For his part, de Blasio believes tourism will be fine even if the tax rate returns to 5.8 percent, and he supports reinstating the higher rate, according to news reports.

Then there’s the city’s real estate transfer tax, which sellers pay and which flows mostly back to the city. It currently tops out at about 1.4 percent for sales over $500,000.

De Blasio might consider creating a new rate for luxury homes that sell for more than $5 million, for example, in line with the state’s mansion tax, sources say. The new mayor has not raised this idea publicly, however, and it is another reordering that would require a green light from the state legislature.

Some have suggested removing exemptions to the city’s commercial rent tax, which a tenant pays for office space. The tax, which drums up about $680 million a year, according to the IBO, is around 4 percent of an annual lease. Under current rules, tenants with rents of less than $250,000 a year, along with those based north of 96th Street or in the Financial District, are exempt.

“It bothers the heck out of some tenants, especially when they come from another city and are not used to it,” said Arthur J. Mirante II, the president of the tri-state region for commercial brokerage Avison Young.
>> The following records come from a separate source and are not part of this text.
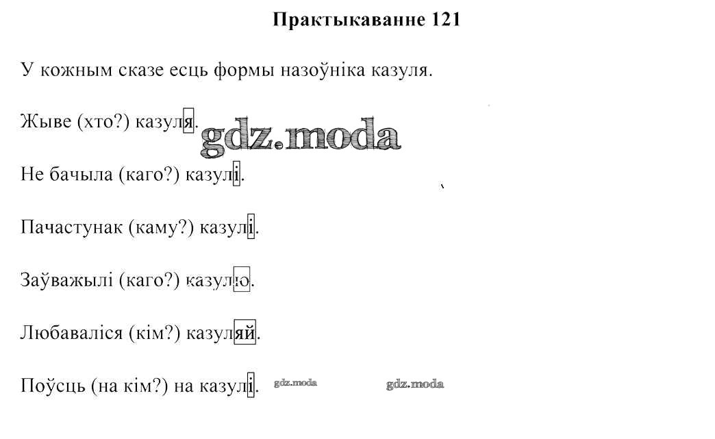 ГДЗ решение к заданию № 121 Беларуская мова 3 клас Свірыдзенка В. I. Национальный институт образования 2017 Часть 1, Часть 2 бесплатно на гдз.мода!
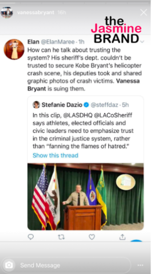 “How can he talk about trusting the system? His sheriff’s dept. couldn’t be trusted to secure Kobe Bryant’s helicopter crash scene, his deputies took and shared graphic photos of crash victims. Vanessa Bryant is suing them.”
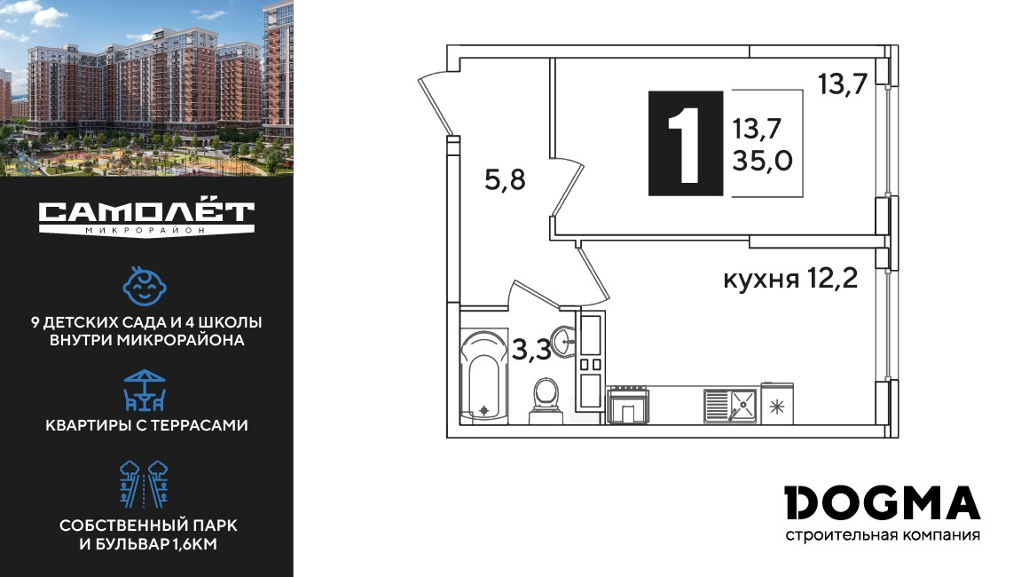 «САМОЛЁТ» — концептуальный жилой микрорайон, который расположен на северо-западе Краснодара, в районе Западного Обхода. Квартал спроектирован как «город в городе», поэтому здесь будет всё для комфортной жизни: современные дома с разными планировками, дороги, школы и детские сады, поликлиника, торговые центры, парки и аллеи. Микрорайон находится далеко от промышленных предприятий, сочетает удобство городской жизни и экологически благоприятную среду.
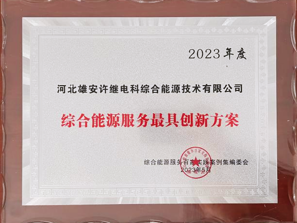 5月26日,第三届综合能源服务实践优秀案例大奖揭幕,雄安许继参评的雄安新区白洋淀东北部光伏接入配套10kV电网改造工程技术方案、神木恒聚鑫1×50兆瓦余能综合利用发电工程技术方案荣获2023年度综合能源服务最具创新方案奖,并入选《综合能源服务百家实践案例集》。雄安许继分获2023年度优秀双碳实践服务商和2023年度中国综合能源服务领域优秀示范企业。

If it pays to keep the streets clean and funds other services, the rent tax, in its current form, should be retained, Mirante said, adding, “$680 million is a pretty staggering amount or money. I don’t think there’s any chance in hell you can tinker with that.”

Any move to remove the exemptions or raise the rate would also require approval from Albany.
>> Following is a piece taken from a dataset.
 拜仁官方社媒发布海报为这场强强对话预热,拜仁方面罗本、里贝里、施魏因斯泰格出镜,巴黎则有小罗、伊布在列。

Sources also pointed to rental building taxes — the ones that effect co-ops and condos — as ripe for reform, though de Blasio has not even hinted that he will take up the issue. Rentals are taxed in the same steep category as condos and co-ops, a cost landlords say they often shoulder themselves, rather than pass along to tenants.
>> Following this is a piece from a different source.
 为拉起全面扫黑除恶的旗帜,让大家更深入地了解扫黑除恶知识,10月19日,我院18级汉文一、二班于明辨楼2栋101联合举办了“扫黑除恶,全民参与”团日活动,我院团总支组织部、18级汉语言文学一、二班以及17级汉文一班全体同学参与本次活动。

“It’s basically an unfair system to rental owners,” said Gary Jacob, an executive vice president with developer and landlord Glenwood Management Corp.

And it’s gotten worse over time, between increases to the tax rate and the boost in assessments, he said. More than 30 percent of Glenwood’s rent rolls are taxed today, up from 20 percent three decades ago, Jacob said. “No other city has a burden anywhere near that,” he added.

De Blasio might simply focus on making the city’s property tax code easier to understand.

“New York’s property taxes are without a doubt some of the most complex, opaque property taxes of any major jurisdiction,” Sweeting said. “There’s room for improvement.”